Three months ago, my body did something extraordinary, and I have not slept more than four consecutive hours since.

That’s not a complaint. It’s context.

My baby is here, and she is perfect, and I love her in a way that genuinely frightens me—with a ferocity I didn’t know I was capable of, a physical pull so strong it feels less like an emotion and more like a law of nature.

She cries, and something in my chest responds before my brain has processed the sound.

I would do anything for her. I already am.

That’s also context.

Because the thing nobody tells you, or maybe everyone tells you, and you just can’t understand it until you’re in it, is that the love and the exhaustion and the loneliness are not separate experiences.

They’re the same experience. All of it happening at once, in the same body, with nowhere to put any of it.

And somewhere in the middle of all of it, I started noticing something about my husband that I don’t know what to do with.

He loves her too. I’m sure of it.

I can see it when he holds her, the way he looks at her face like he’s trying to memorize it. He’s not absent. He’s not a bad father.

He just gets to choose when to be one. And I don’t.

What the first three months actually cost

An exhausted new mother caring for her infant.
Shutterstock

My body went through something and is still going through something and will be going through something for a while yet, and there is no equivalent for him.

He watched it happen, which I imagine was its own kind of thing. But watching is not the same as hosting. He did not grow a person. He did not push her out. His body did not immediately begin producing food for her, round the clock, on demand, regardless of whether he was awake or asleep or in the middle of something else.

Mine did.

And now, three months in, I am still the primary source of her nutrition, which means I am still the one who wakes up when she wakes up, which means I am the one calculating hours of sleep in forty-minute increments at 3 am, which means I am the one who cannot—not in any meaningful way—separate my body from this baby’s needs.

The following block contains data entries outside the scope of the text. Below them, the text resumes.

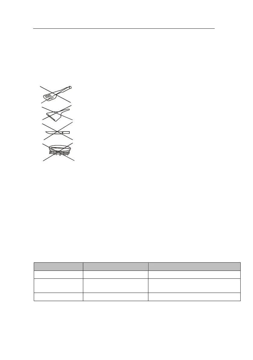 bristles or sharp objects such as knives or spatulas for cleaning the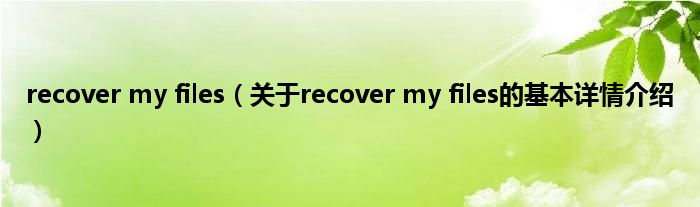 本文关于recover my files的基本详情介绍就讲解完毕,希望对大家有所帮助。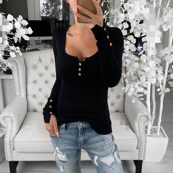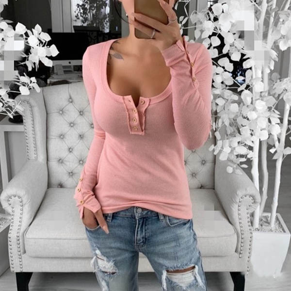 Fashion Solid Color Long Sleeve Round Neck Slim Fit T-shirt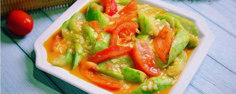 丝瓜可以和西红柿一起吃。丝瓜和西红柿之间所含的营养素没有相克的地方,西红柿和丝瓜都属于家常菜,经常会出现在饭桌上,可以一起吃。西红柿丝瓜一起食用具有清解热毒,消除烦热的功效。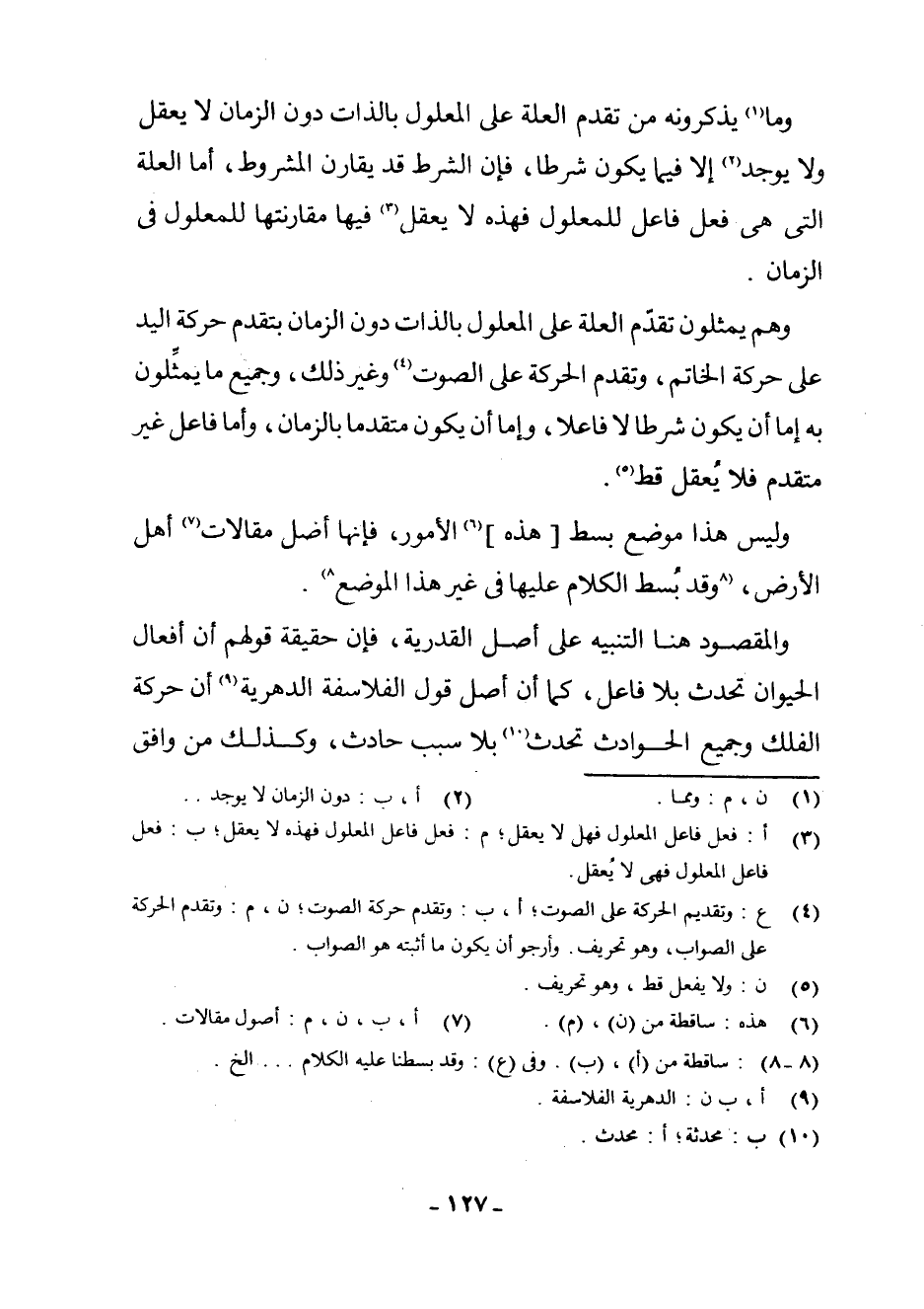 وَمَا (¬1) يَذْكُرُونَهُ مِنْ تَقَدُّمِ الْعِلَّةِ عَلَى الْمَعْلُولِ بِالذَّاتِ دُونَ الزَّمَانِ لَا يُعْقَلُ وَلَا يُوجَدُ (¬2) إِلَّا فِيمَا يَكُونُ شَرْطًا، فَإِنَّ الشَّرْطَ قَدْ يُقَارِنُ الْمَشْرُوطَ، أَمَّا الْعِلَّةُ الَّتِي هِيَ فِعْلُ فَاعِلٍ لِلْمَعْلُولِ فَهَذِهِ لَا يُعْقَلُ (¬3) فِيهَا مُقَارَنَتُهَا لِلْمَعْلُولِ فِي الزَّمَانِ.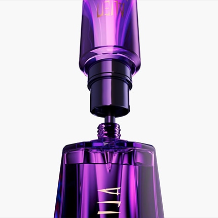 Der einzigartige Duft präsentiert sich im ikonischen Behälter von Mugler Alien als wahrer Blickfang. Seine tiefviolette Tönung, verziert mit schimmernden Goldelementen, verwandelt ihn in ein kostbares Juwel, das eine geheimnisvolle Anziehungskraft ausübt und modernes Design mit zeitloser Eleganz verbindet.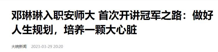 2.《邓琳琳入职安师大 首次开讲冠军之路:做好人生规划,培养一颗大心脏》大皖新闻,2023年3月29日发布;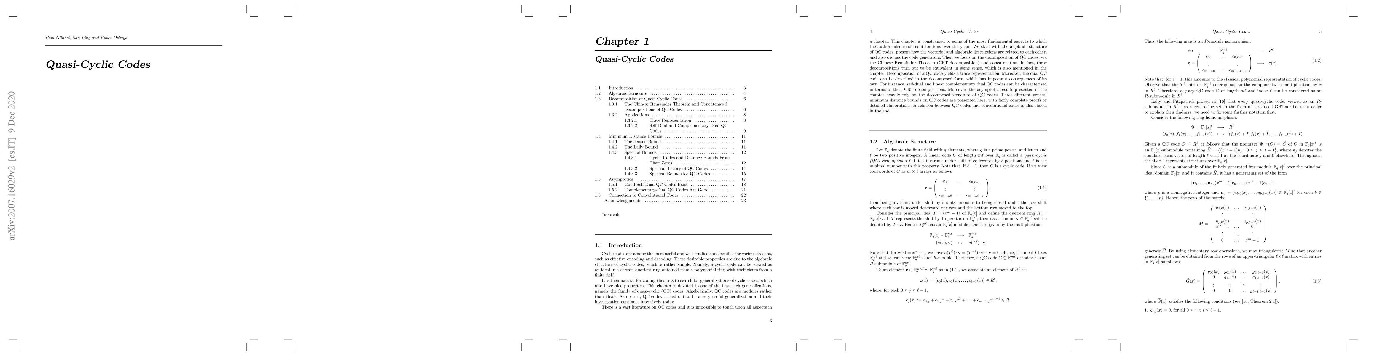 This chapter is significant as it appears in 'A Concise Encyclopedia of Coding Theory' to be published by CRC Press, offering a comprehensive overview of quasi-cyclic codes, which are crucial in coding theory due to their relationship with cyclic codes.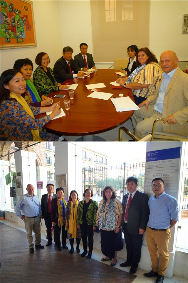 在阿尔卡拉大学访问期间,该校副校长Maria女士会见了我校访问团。双方各自简要介绍了学校的基本情况。阿尔卡拉大学国际关系部主任Gabino,学习部主任Sonia,中国留学生负责人Feng Shi等部门负责人参与了此次会谈,双方均表达了全面加强两校在各领域合作的愿望,特别就我校应用西班牙语专业的“3+1”项目,经济管理、旅游、会计等专业的本科生联合培养项目、互派留学生、短期语言文化交流以及教师访学、读博等方面充分交换了意见,进一步明确了学时、学费、课程、语言、住宿以及入学要求等细节,双方就下一步深化合作,提出了明确的步骤和措施。会谈后,我校访问团参观了阿尔卡拉大学历史悠久的校园。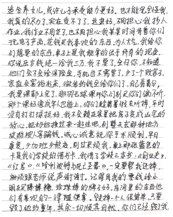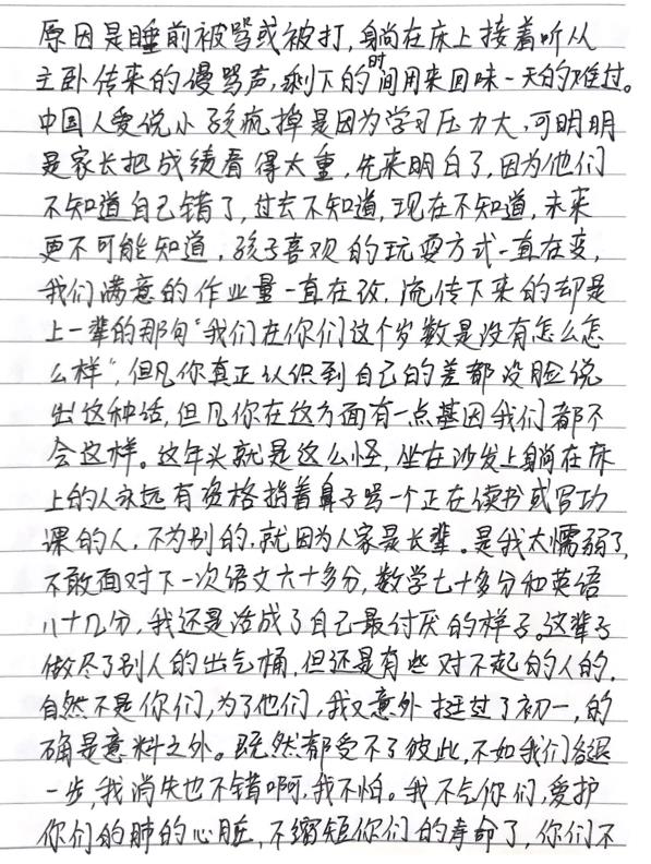 这是我从网络上誊抄的一份遗书,为人父母,我想给自己一个警醒,也想去理解女孩的心理。抄写用了一个小时,中断了两次。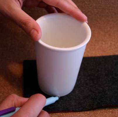 На верхнем куске фетра рисуем окружность и вырезаем ее.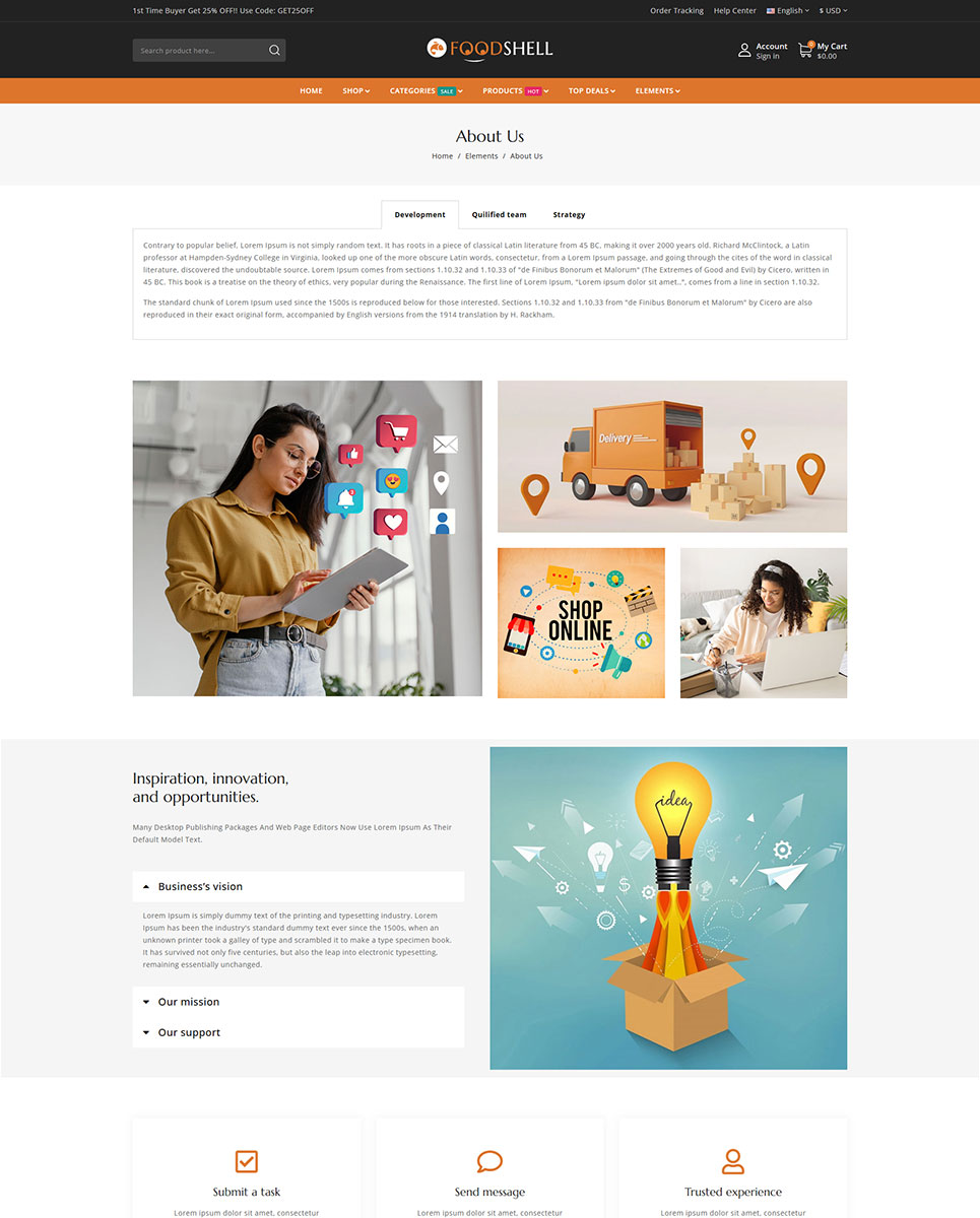Foodshell includes a Quickstart Installation Package for instant setup and a Theme Customizer Module to personalize colors, fonts, and layout styles in real time. Fully responsive, the theme ensures your store looks sharp and functions smoothly on all devices—desktop, tablet, and mobile.

He went back to work at two weeks. His life, from the outside, looks approximately like it did before.

Mine is unrecognizable.

I don’t think he fully understands this. I’m not sure he’s capable of understanding it without living it. And I’m too tired to explain it, which is its own kind of trap.

The parenting imbalance

This is the thing I keep turning over.

On a Saturday morning, my husband can decide to sleep in. He does this sometimes. And I don’t begrudge him the sleep—he works hard, he needs rest, I understand all of that. But the decision is available to him in a way it is not available to me. He can hear her cry and lie still for a moment and assess whether someone else will get up. He can close his eyes and take thirty more seconds before he moves.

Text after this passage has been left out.